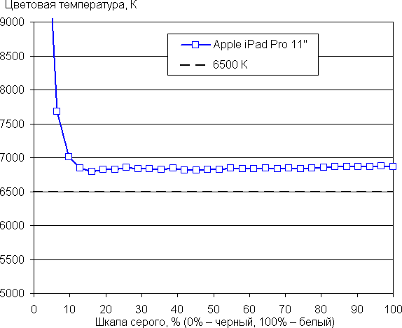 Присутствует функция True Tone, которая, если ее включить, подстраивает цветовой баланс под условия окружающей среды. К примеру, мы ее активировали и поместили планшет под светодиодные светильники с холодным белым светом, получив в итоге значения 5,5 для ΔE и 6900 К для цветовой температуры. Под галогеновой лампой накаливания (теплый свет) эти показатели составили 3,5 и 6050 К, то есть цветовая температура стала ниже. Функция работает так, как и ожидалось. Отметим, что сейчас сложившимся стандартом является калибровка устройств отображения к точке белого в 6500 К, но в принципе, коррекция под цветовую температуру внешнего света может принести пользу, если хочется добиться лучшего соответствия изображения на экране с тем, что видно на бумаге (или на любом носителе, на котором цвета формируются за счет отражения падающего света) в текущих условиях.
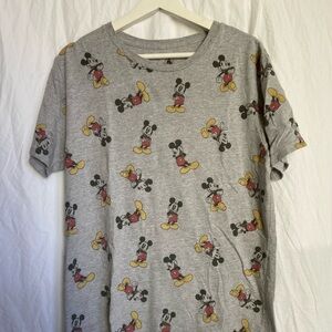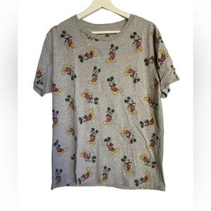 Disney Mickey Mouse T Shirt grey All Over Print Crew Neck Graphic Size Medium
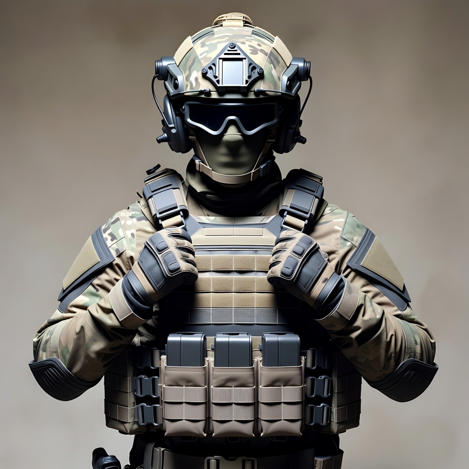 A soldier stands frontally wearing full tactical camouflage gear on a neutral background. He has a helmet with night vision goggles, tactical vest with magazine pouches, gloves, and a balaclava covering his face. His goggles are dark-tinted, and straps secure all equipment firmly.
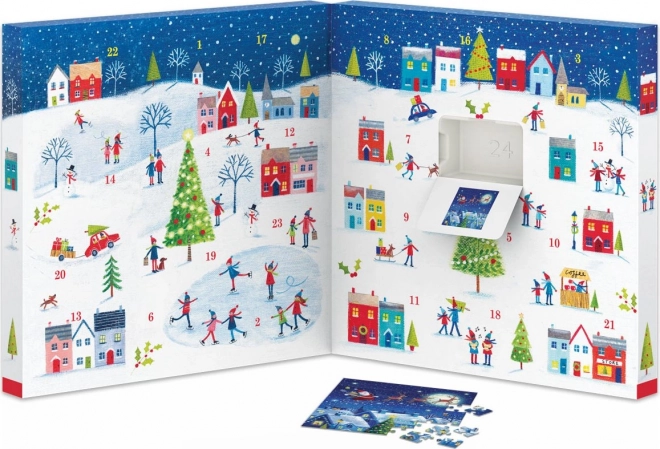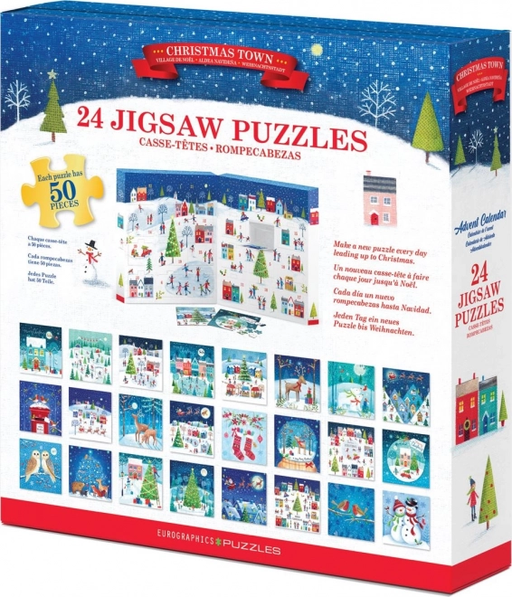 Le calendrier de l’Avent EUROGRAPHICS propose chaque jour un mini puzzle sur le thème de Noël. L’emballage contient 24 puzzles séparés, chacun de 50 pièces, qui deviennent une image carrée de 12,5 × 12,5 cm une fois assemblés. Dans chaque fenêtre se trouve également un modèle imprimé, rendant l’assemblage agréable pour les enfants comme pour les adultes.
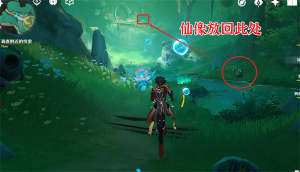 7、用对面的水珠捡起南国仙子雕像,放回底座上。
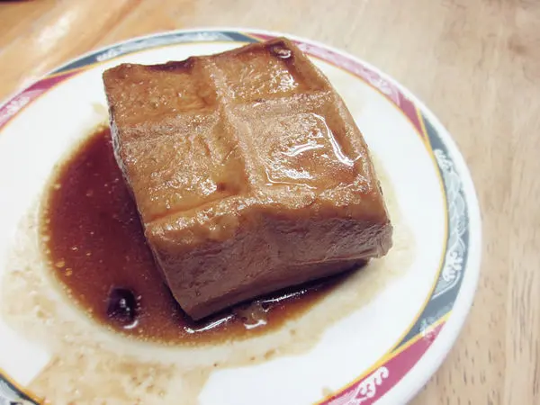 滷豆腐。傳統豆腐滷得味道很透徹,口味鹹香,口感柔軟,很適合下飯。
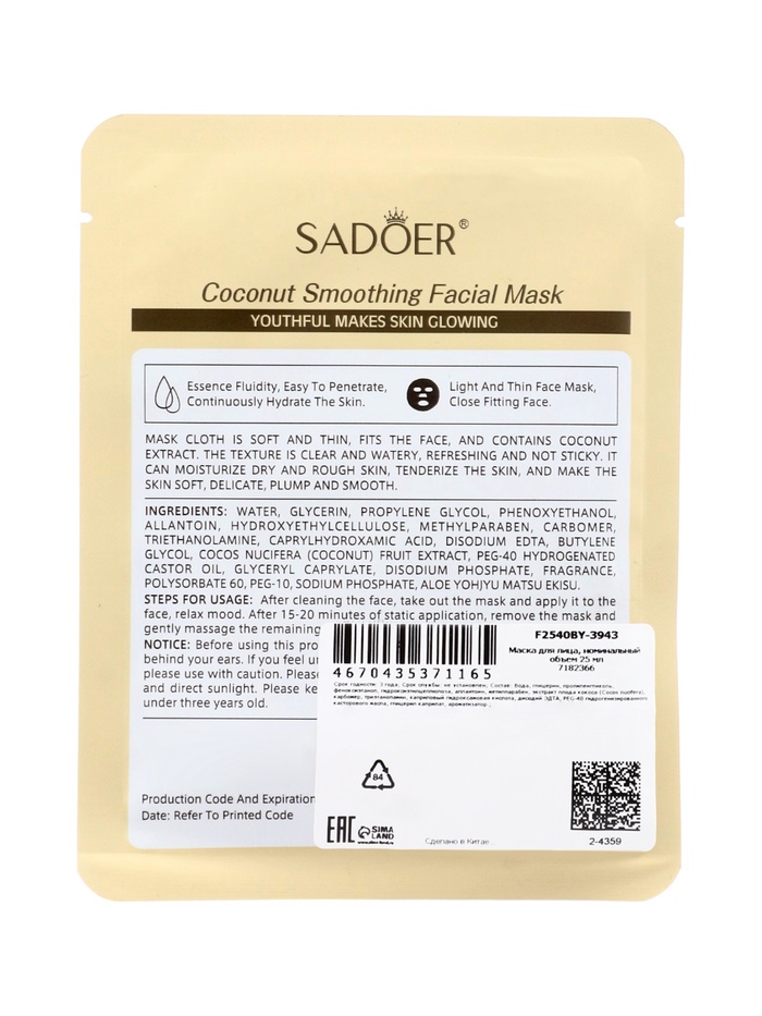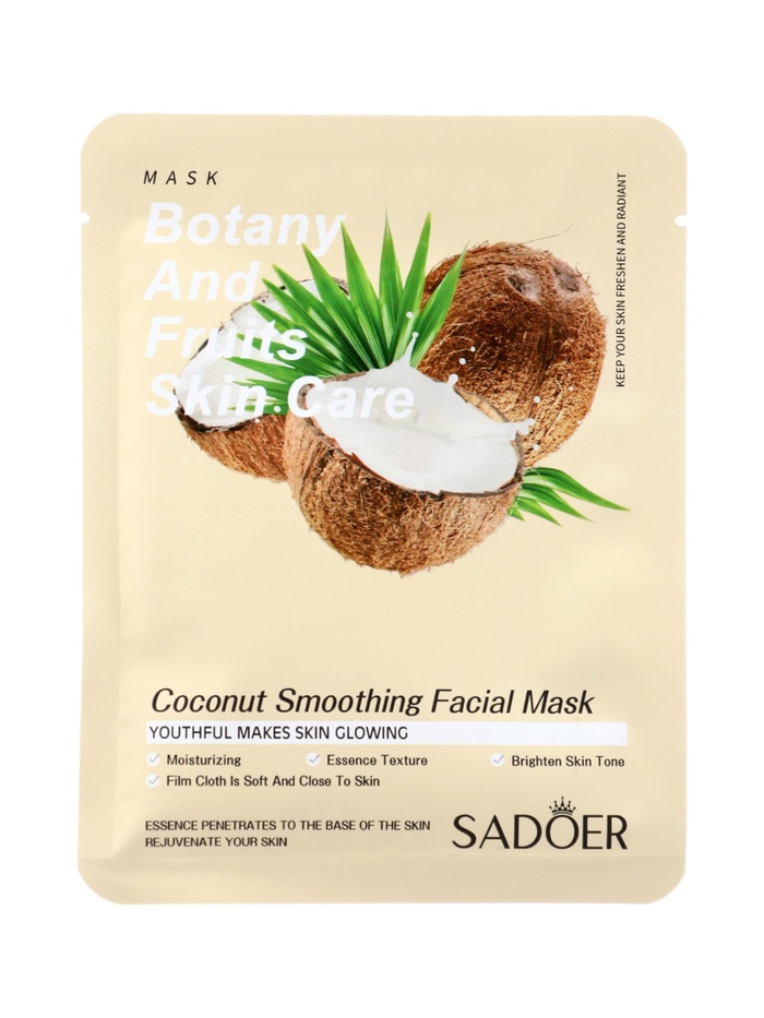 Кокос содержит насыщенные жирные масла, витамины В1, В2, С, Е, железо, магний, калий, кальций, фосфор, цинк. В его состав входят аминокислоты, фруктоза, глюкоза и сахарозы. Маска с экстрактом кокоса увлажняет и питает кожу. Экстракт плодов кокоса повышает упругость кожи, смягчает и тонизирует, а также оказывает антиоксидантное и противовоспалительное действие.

________________

:: Task goal ::
Exactly the lines above, from the one containing "Le calendrier de" down to the one containing "7、用对面的水珠捡起南国仙子雕像,放回底座上。", are to be repeated, including both ends. Pictures are not part of the copy.

:: Exercise response ::
 Le calendrier de l’Avent EUROGRAPHICS propose chaque jour un mini puzzle sur le thème de Noël. L’emballage contient 24 puzzles séparés, chacun de 50 pièces, qui deviennent une image carrée de 12,5 × 12,5 cm une fois assemblés. Dans chaque fenêtre se trouve également un modèle imprimé, rendant l’assemblage agréable pour les enfants comme pour les adultes.
 7、用对面的水珠捡起南国仙子雕像,放回底座上。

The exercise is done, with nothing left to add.